Initialize the context with given parameters.

Parameters:

batchSize – Active batch size
maxGenLength – Maximum generation length
multimodal – Optional multimodal embeddings
extraInputTensors – Extra input tensors (e.g., deepstack features)
cudaStream – CUDA stream for operations

Public Members

std::vector<std::string> systemPrompts#: System prompts for each sequence in batch.

std::vector<std::vector<int32_t>> rawBatchedInputIds#: Original token IDs before preprocessing (includes padding and removal of reused system IDs)

std::vector<std::vector<int32_t>> tokenIds#: Token IDs for each sequence: [batch_size][seq_length].

std::vector<int32_t> currentGenerateLengths#: Current generation length for each sequence: [batch_size].

std::vector<int32_t> promptLengths#: Prompt length (after reuse) for each sequence: [batch_size].

std::vector<int8_t> finishedStates#: Finished state for each sequence: [batch_size] (0=not finished, 1=finished)
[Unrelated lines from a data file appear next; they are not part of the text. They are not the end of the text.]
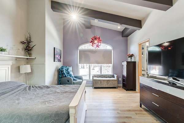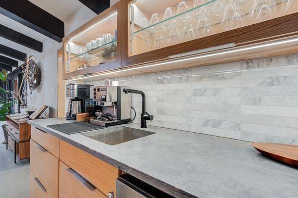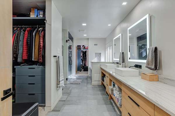 - Beamed Ceilings, Bookcases, Breakfast Bar, Built-In Features, Chandelier, Double Vanity, Eat-In Kitchen, Entrance Foyer, Granite Counters, High Ceilings, High Speed Internet, His and Hers Closets, Kitchen Island, Natural Woodwork, Open Floorplan, Pantry, Quartz Counters, Recessed Lighting, Smart Home, Smart Light(s), Smart Thermostat, Soaking Tub, Solid Surface Counters, Stone Counters, Walk-In Closet(s), Wired For Data, Wood Counters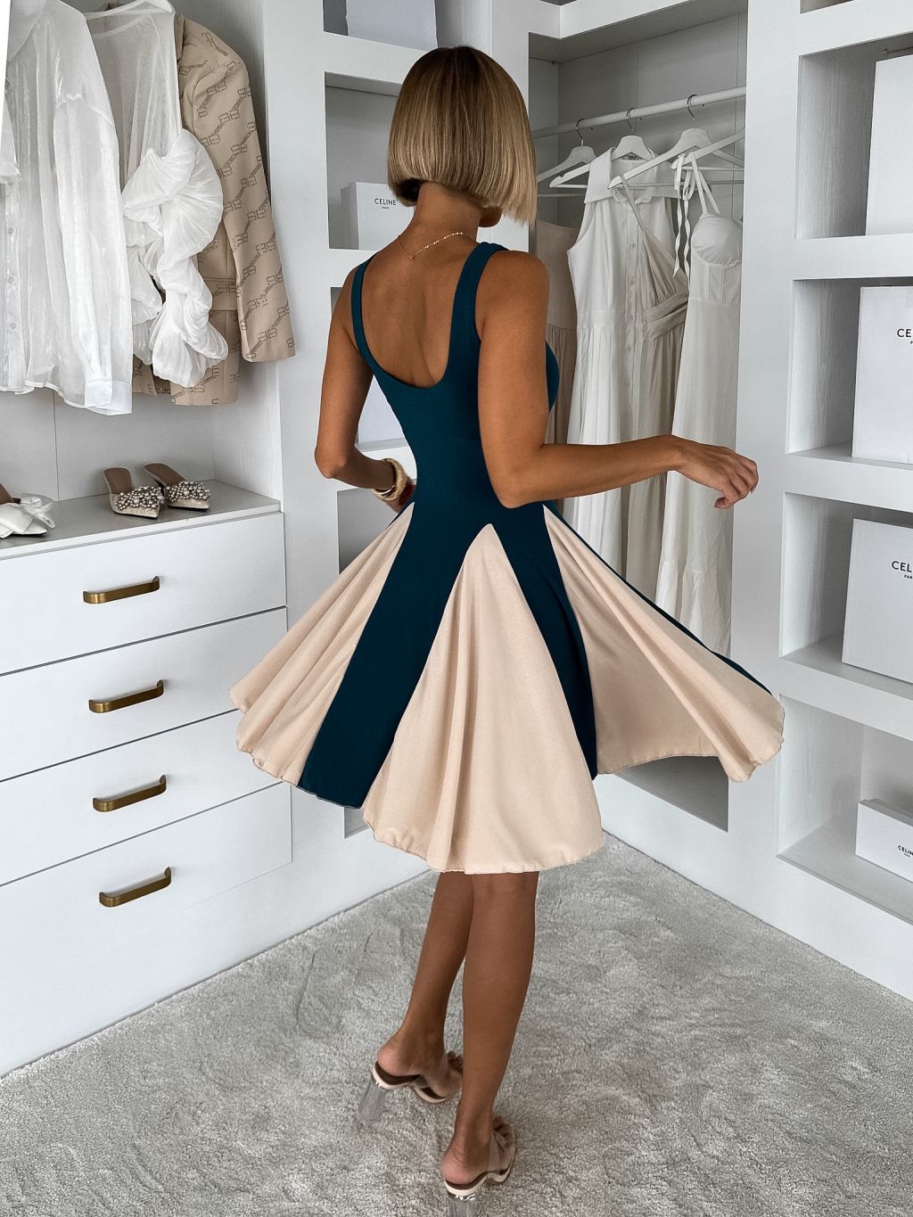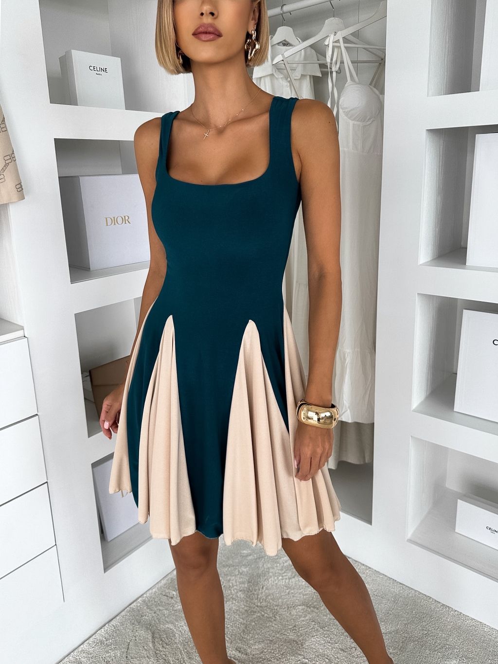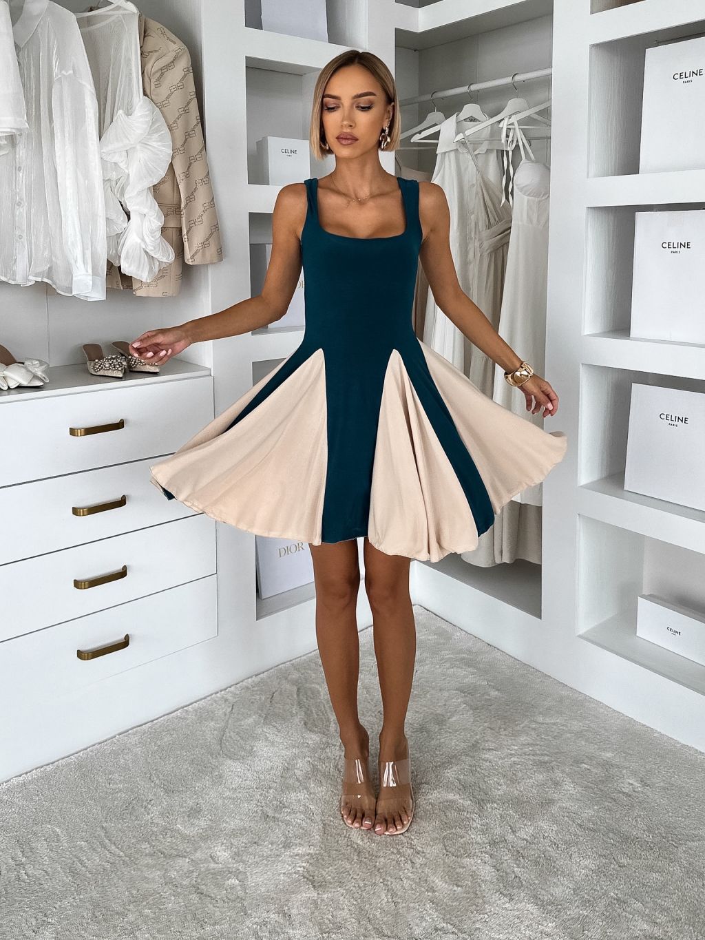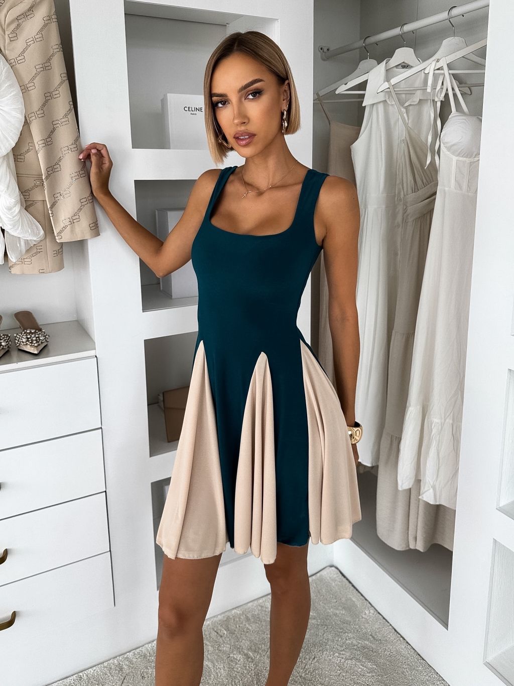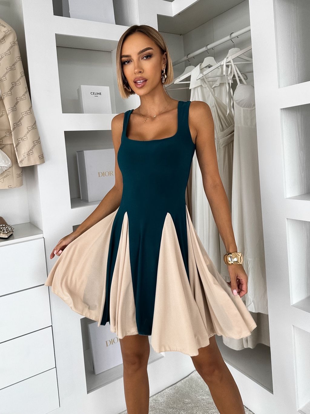 Petrolejové krátke elegantné áčkové šaty NOREZA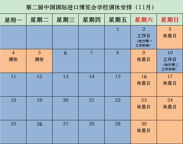 根据《关于调整第二届中国国际进口博览会期间公众休息日安排的通知》(沪府办[2019]113号)、《上海市教育委员会关于第二届中国国际进口博览会期间本市教育系统学校调整休息日安排的通知》(沪教委办〔2019〕50号)的要求,结合学校工作实际,现就第二届中国国际进口博览会期间我校调休作如下安排。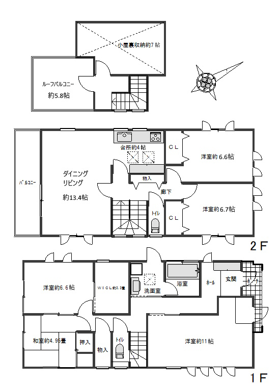 | 設備・条件 | システムキッチン エアコン W.INクローゼット オール電化 ルーフバルコニー,床下収納,小屋裏収納, |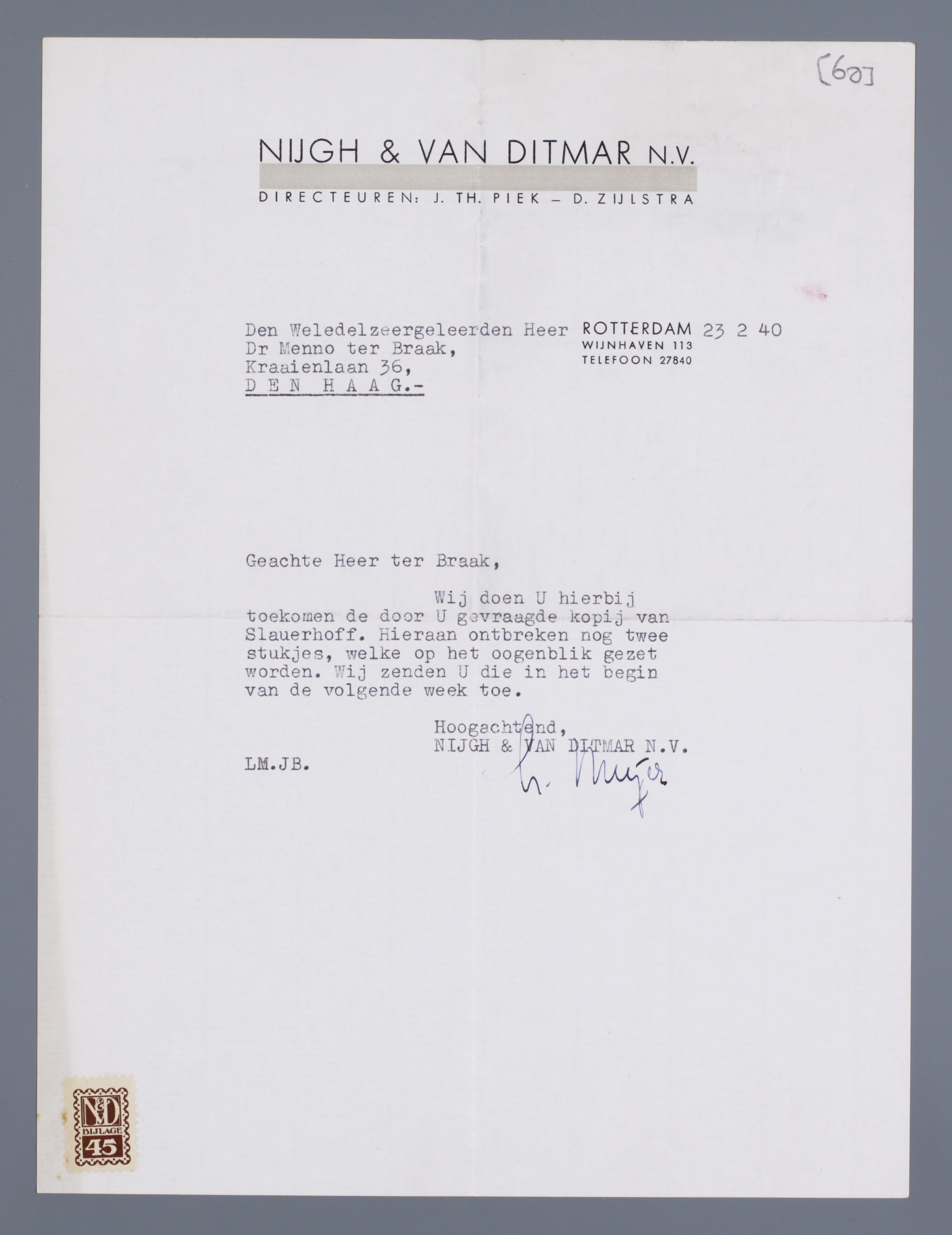 Wij doen U hierbij toekomen de door U gevraagde kopij van Slauerhoff. Hieraan ontbreken nog twee stukjes, welke op het oogenblik gezet worden. Wij sturen U die in het begin van de volgende week toe.

std::vector<int32_t> actualIterations#: Actual iterations run for each sequence: [batch_size].

int32_t packedInputLength#: Packed input length for batch processing (max of all sequences, considering engine constraints)

std::unordered_map<int32_t, std::vector<int32_t>> evictedTokenIds#: Token IDs of evicted batches.

std::unordered_map<int32_t, int32_t> evictedGenerateLengths#: Generation lengths of evicted batches.

std::unordered_map<int32_t, int32_t> evictedActualIterations#: Iterations of evicted batches.

std::unordered_map<int32_t, std::string> evictedSystemPrompts#: System prompts of evicted batches.

std::unordered_map<int32_t, std::vector<int32_t>> evictedRawBatchedInputIds#: Raw input IDs of evicted batches.

std::unordered_map<int32_t, int32_t> evictedPromptLengths#: Prompt lengths of evicted batches.

std::vector<int32_t> batchIndexMapping#: Maps current batch index to original index.

rt::OptionalInputTensor multimodalEmbeddings#: Optional multimodal embeddings.

rt::OptionalInputTensors extraInputTensors#: Extra input tensors (e.g., deepstack features)

int32_t generationRound#: Current generation round (shared across all batches)

int32_t maxGenerateLength#: Maximum generation length.

int32_t activeBatchSize#: Current active batch size.

int32_t originalBatchSize#: Original batch size (before any eviction)

int32_t genAndSaveSystemCacheIndex#: Batch index being processed for generating and saving system prompt KVCache.

cudaStream_t stream#: CUDA stream.

struct EagleDraftingConfig#

Drafting configuration for Eagle speculative decoding.

Configuration parameters to drive Eagle spec-decoding.

Public Members

int32_t draftingTopK#: Tokens to select from one predecessor for next draft tree level.

int32_t draftingStep#: Number of drafting steps with draft model.

int32_t verifyTreeSize#: Number of tokens for base model verification.